For now this seems to be the plan as officials continue to scrutinise the data in the hope that this wave of cases is about to plateau.
However, on Thursday, Mr Yousaf told BBC Radio's Good Morning Scotland programme the problems of people who did not have smartphones being unable to access the QR codes needed had been resolved as, from Friday, paper copies would include the codes.
He said vaccine passports had never been ruled out.
"We have put on the table, quite clearly, what some of our concerns are," he said. "But our circumstances have now changed. Cases have increased 80% in the last week. A month ago our test positivity was 5% - it's now over 11%."
He said that limiting the scheme to very specific events and venues was "a demonstration of the fact that we still have concerns".
But he added: "The benefits of a certification scheme, in terms of a public health intervention, in terms of incentivising vaccination, those benefits outweigh the concerns that still remain."
Mike Grieve, director of the Night-Time Industries Association Scotland, told the programme the policy was "incoherent" and "inconsistent" as, for instance, a large pub could let hundreds of people in without the passports but they would be required at a small nightclub next door.
He said: "There is zero consistency there. If you look at live music venues - standing capacity up to 500 - no vaccine passport - nightclub 250-300 capacity - vaccine passport. Where is the logic behind that?"
Mr Yousaf said: "Nightclubs have consistently been deemed high risk venues due to lack of ventilation and largely those attending are amongst the younger cohort where the uptake of the vaccine is lower. We also know that the behaviours exhibited in nightclubs in terms of close contact are high risk."
Scottish Liberal Democrat leader Alex Cole Hamilton said the passports were actually "health ID cards by any other name".
He added: "For the first time in Scottish society, private citizens will be asked to evidence treatment that they've had in order to access venues and services or provide their private medical data to a complete stranger in order to get into a football ground or a nightclub.
"We believe this is unnecessary. It's not been demonstrated to us how this is a tool of infection control - this feels more like state control."
Responding to claims that the passports would mean people were more likely to "drop their guard", Mr Yousaf said: "Even if you are in these settings with both doses of the vaccine, the virus is still there - you can still catch it. It's important that people still exhibit good behaviours and demonstrate caution."

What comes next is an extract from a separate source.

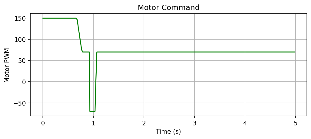 Motor command for 180 degree trial. Briefly reverses when it overshoots, then holds at deadband trying to close the remaining gap.

He said the scheme was not being introduced immediately to allow time to gain parliament's approval, to give businesses time to prepare for it and to enable some tweaks to be made to the NHS app so it recognised the QR codes.
Mr Yousaf added: "Ultimately, we are bringing this forward because we don't want to reimpose restrictions but that is always an option we have to consider, particularly if we see the rise in cases we saw last week."
He said early indications were that the rate of increase was beginning to slow down but the government would also "want to keep an eye on the enormous pressure on the NHS".
Ms Sturgeon said on Wednesday that although the hospitality industry as a whole would not be included in the certification scheme that decision would be kept under review.
Anyone who has good reasons for not getting fully vaccinated - including children and people with particular medical conditions - will be exempt.
Several other European countries - including France, Italy and Ireland - have already introduced certification.